The force said a referral had been made to the Crown Prosecution Service, which 'subsequently authorised the above charge.' That decision means prosecutors are satisfied there is a realistic prospect of conviction and that bringing the case is in the public interest, although the CPS has not released a detailed rationale. As with any criminal allegation, nothing is proven at this stage and Billinger is presumed innocent until the court decides otherwise.

Bonnie Blue, Bali and a Rapid Fall From Favour

The London charge against Bonnie landed only days after she was taken into custody in Bali during a police raid on a rented studio in December. Billinger had attracted attention in Indonesia as reports circulated that she was hosting what local media described as sexually explicit 'challenges' involving large groups of young men, purportedly linked to her online persona and subscriber‑driven content business.

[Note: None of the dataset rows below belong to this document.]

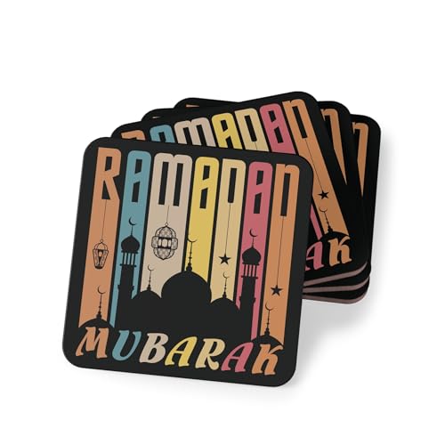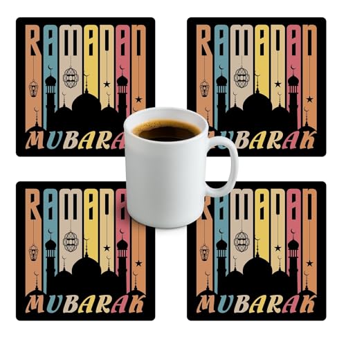 Generic - قواعد أكواب مطاطية بنمط شهر رمضان، 4 قطع، قواعد لأكواب الشاي | قواعد لأكواب القهوة وقواعد للأكواب للمطبخ المنزلي - تصميم 45
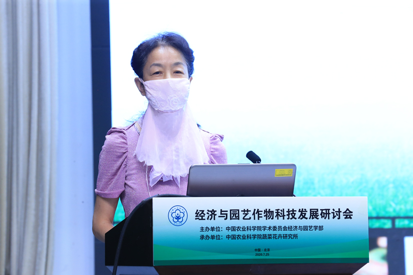 会上,蔬菜所所长张友军首先代表学部向与会嘉宾汇报了学部在贯彻落实总书记“三个面向”贺信精神的近三年科技进展与主要成效,以及“十四五”发展方向和重点攻关选题。北京大学邓兴旺院士和湖南农业大学刘仲华院士分别做了关于“水稻玉米第三代杂交育种技术的研发与应用”及“科技创新与中国茶产业发展”的大会主旨报告。学部下属9所(蔬菜所、棉花所、油料所、麻类所、果树所、郑果所、茶叶所、烟草所、特产所)所长分别做了各研究所发展报告。院士专家针对学部和各所发展成效与问题作了重要点评,并就当前重点科技战略部署及关键产业提质增效与优势打造等提出了宝贵意见和建议。与大会同期举办的“经济与园艺学部近三年科技成果展”也极大的丰富了本次研讨会的内容,展览集中展示了学部9所近三年研发的关键技术与产品,包括果、蔬、花、茶、特种经济作物(人参、灵芝)等新奇特品种以及棉、麻、油各类精美的衍生产品,使参会嘉宾真切感受到学部各所百花争鸣、科技争锋的硕果累累。
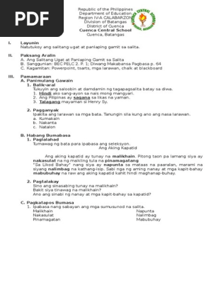 Sa pagtatapos ng ikalawang yunit Pagtatala ng mga detalye ng gagawa ng brochure ang klase na nagpapakita napakinggang media. Sinisikap ng ___ na iwasan ang mga balakid sa liku-likong daan ng Ilog Pasig. 2015-11-25 On this page you can read or download lesson plan mga likas na yaman in PDF format.
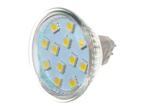 "• Vert • 10 V -> 30 V • 5 cm • Type MR16 • 200 lumen • Angle 120° • 2,4W Ampoule LED MR16 avec 12 LED SMD à 3 puces. L'avantage des LED SMD est que la diffusion de la lumière est très large et que par rapport à une ampoule MR16 normale, cette ampoule LED donne une lumière équivalente à 25 ~ 30 Watts. La diffusion de la lumière est de 120 degrés et l'ampoule LED a la même dimension qu'une ampoule MR16 traditionnelle avec ø50 mm. Celui-ci convient à une utilisation en extérieur, car les LED sont protégées derrière la vitre avant. Cette ampoule convient également pour une utilisation dans les installations photovoltaïques, les caravanes, les camping-cars et les bateaux, car elle dispose d'une régulation de tension intégrée de 10-30 Vdc."
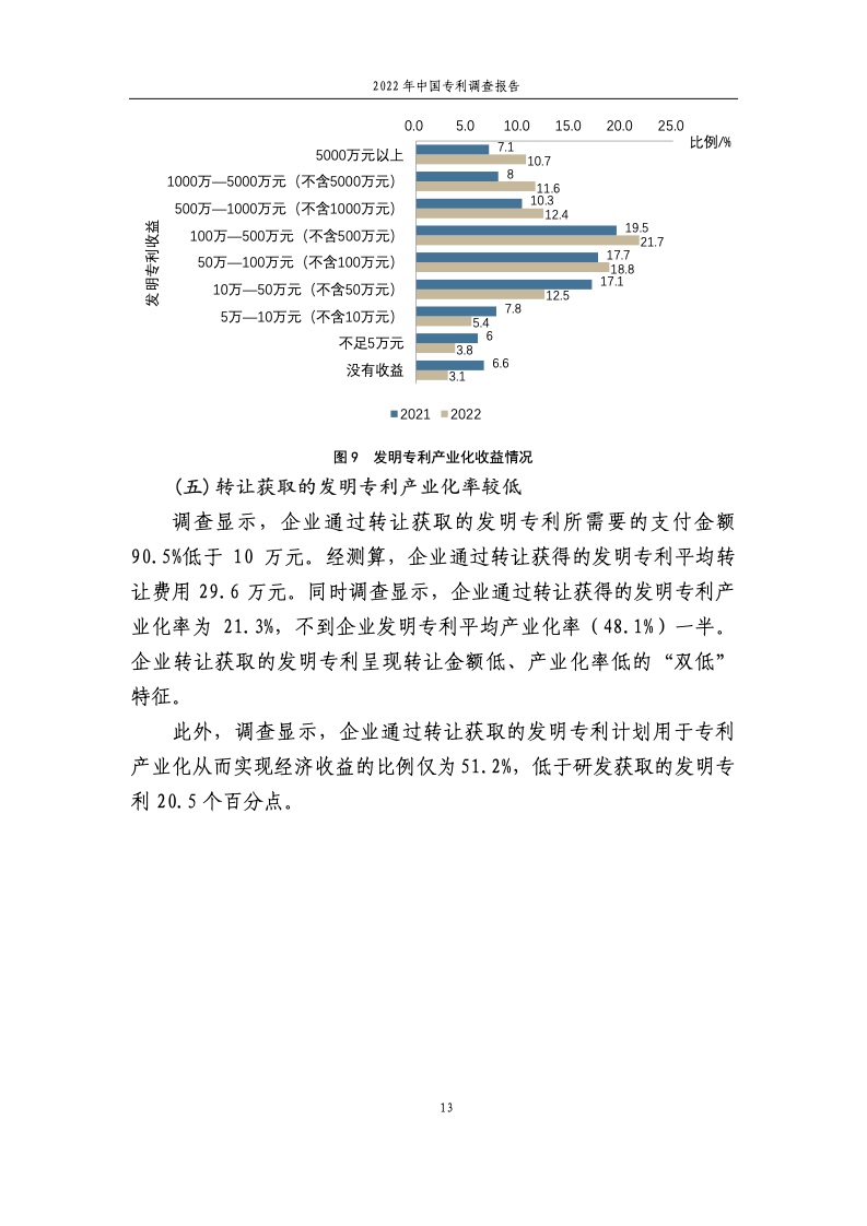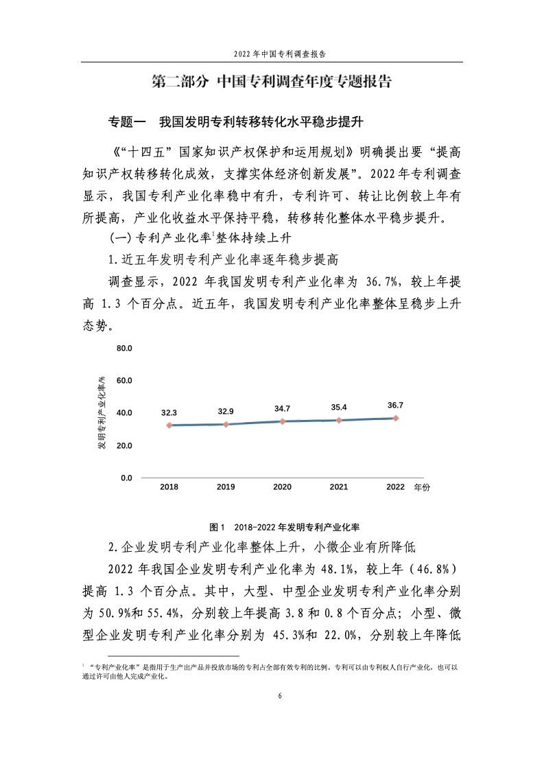 2022年我国有效发明专利产业化率为36.7%,较上年提高1.3个百分点。其中,企业发明专利产业化率为48.1%,较上年提高1.3个百分点,较2018年提高3.1个百分点。

Indonesian officials ultimately stopped short of bringing pornography charges. Yuldi Yusman, the country's director general of immigration, said officers had examined Billinger's mobile phone and found what he described as 'private video' footage. The material, he said, was for 'private documentation and not for public distribution,' so the authorities did not pursue an obscenity case.

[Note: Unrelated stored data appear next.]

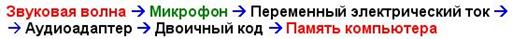 Процесс преобразования звуковых волн в двоичный код в памяти компьютера:
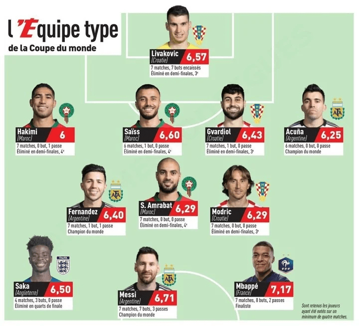 Con las ausencias de Emiliano Martínez (recibió el premio al mejor arquero de la competición) y de Alexis Mac Allister o Julián Álvarez quienes fueron grandes figuras, hay que sumar la decisión que tomaron con Kylian Mbappé. Según la revista francesa, el delantero de Les Bleus fue el mejor de la competición teniendo una mayor puntuación a la de Messi, su principal competidor.
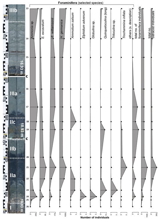 - Elschner, A.; Scheder, J.; Bungenstock, F.; Bartholomä, A.; Becker, T.M.; Capperucci, R.M.; Enters, D.; Karle, M.; Schlütz, F.; Wehrmann, A.; et al. Microfauna- and sedimentology-based facies analysis for palaeolandscape reconstruction in the back-barrier area of Norderney (NW Germany). Neth. J. Geosci. 2021, 100, e4. [Google Scholar] [CrossRef]
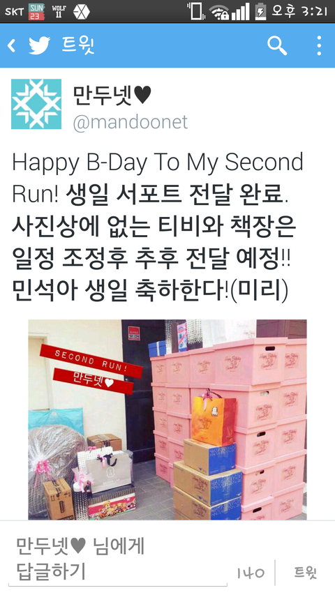 우리 민석이 기뻐할 모습이 눈에 선하네♡ 해피 버스데이♡
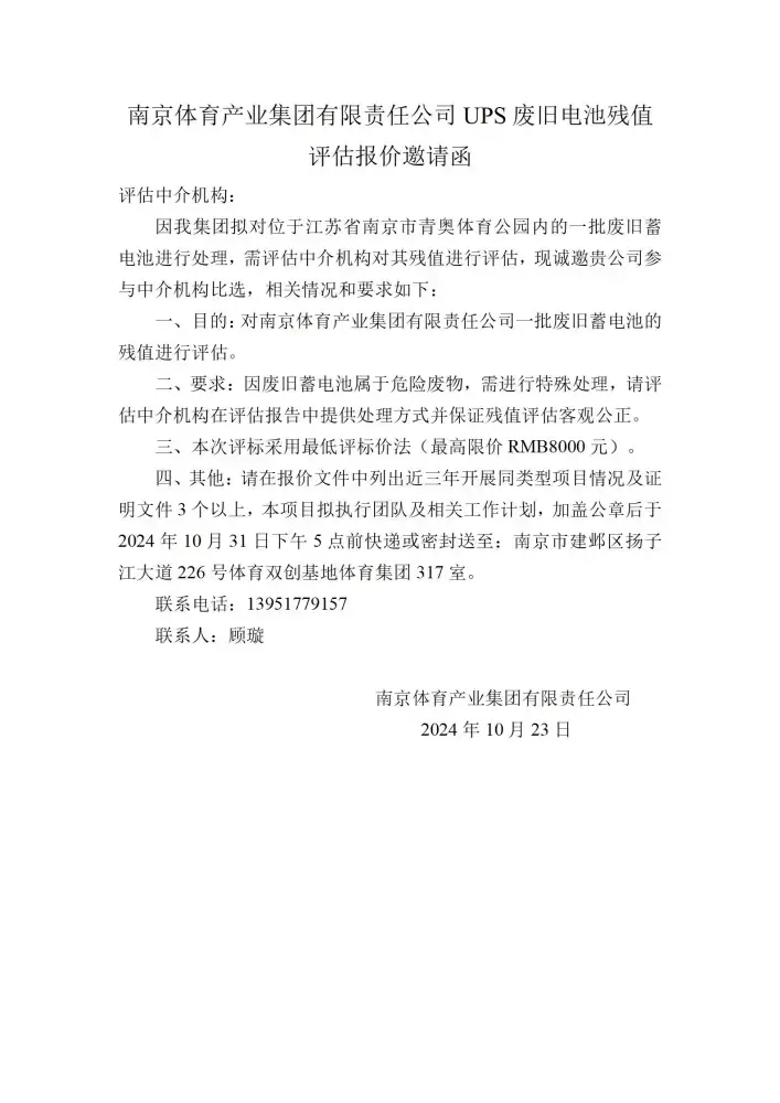 开云手机平台UPS废旧电池残值评估报价邀请函
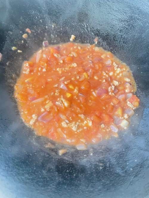 - 6插手刚炒炒好的肉末丁,加少许水、加适量番茄酱,煮浓稠
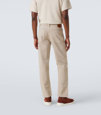 Established with the aim to create the world’s finest fabrics, Zegna is now the go-to brand for luxurious and innovative menswear. These pants are a straight-leg pair made from cotton with leather trims. Product Details - Material: 100% cotton - Care instructions: machine wash at 30 degrees - Made in Romania - Designer color name: Light taupe - Item color: white - Lining: 100% cotton - Details: 100% leather - Contains non-textile parts of animal origin - Item number: P01010483 Size & Fit - Fits small to size - we recommend trying one size larger - Non-stretchy fabric - Straight leg - Mid-rise - Height of model is 189cm-74.5" and wears a size 32
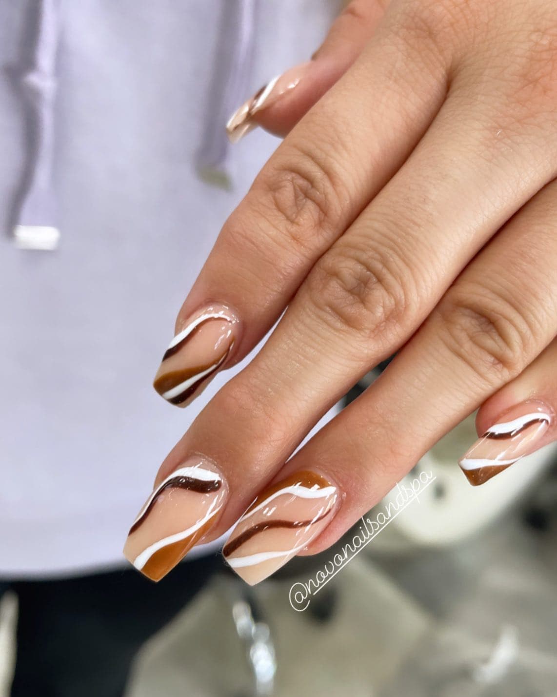 Такой маникюр позволяет продемонстрировать хороший вкус и раскрыть вашу творческую натуру. Добавьте на нейтральный фон немного хаотичных мазков, будто бы сделанных кистью художника. Позаботьтесь о том, чтобы цвета гармонировали друг с другом; результат будет говорить сам за себя.

That did not mean she was free to go on her way. Yusman said Billinger had violated Indonesia's immigration rules by arriving on a visa on arrival while apparently conducting activity considered commercial content production. In his words, she had 'entered Indonesia using a visa on arrival for commercial content production that could potentially cause public unrest.' That phrase, with its careful nod to Indonesia's strict moral and public order laws, made clear why officials were keen to see her leave.

Billinger was deported shortly afterwards, part of a growing pattern of social media and adult content creators running into trouble in countries with conservative regulations around sex, morality and commercial expression. Her re‑appearance days later outside the Indonesian embassy in London, captured on video and quickly shared online, looked to many like a pointed response to that deportation.

Bonnie Blue
Bonnie Blue Screenshot From YouTube

What the Bonnie Blue Case Could Mean Next

The offence of outraging public decency is an old, somewhat elastic part of English law, usually deployed when behaviour in a public place is deemed grossly offensive and witnessed, or capable of being witnessed, by members of the public. The threshold is higher than casual rudeness, but precisely where a lewd gesture outside an embassy falls on that spectrum is now a matter for the courts.

Neither Billinger nor her legal representatives had commented publicly on the London charge at the time of writing. Without her side of the story, it remains unclear whether she intends to contest the allegation on the basis of intent, context or freedom of expression. Nothing is confirmed, so any speculation about her likely defence should be treated cautiously until it is presented formally in court.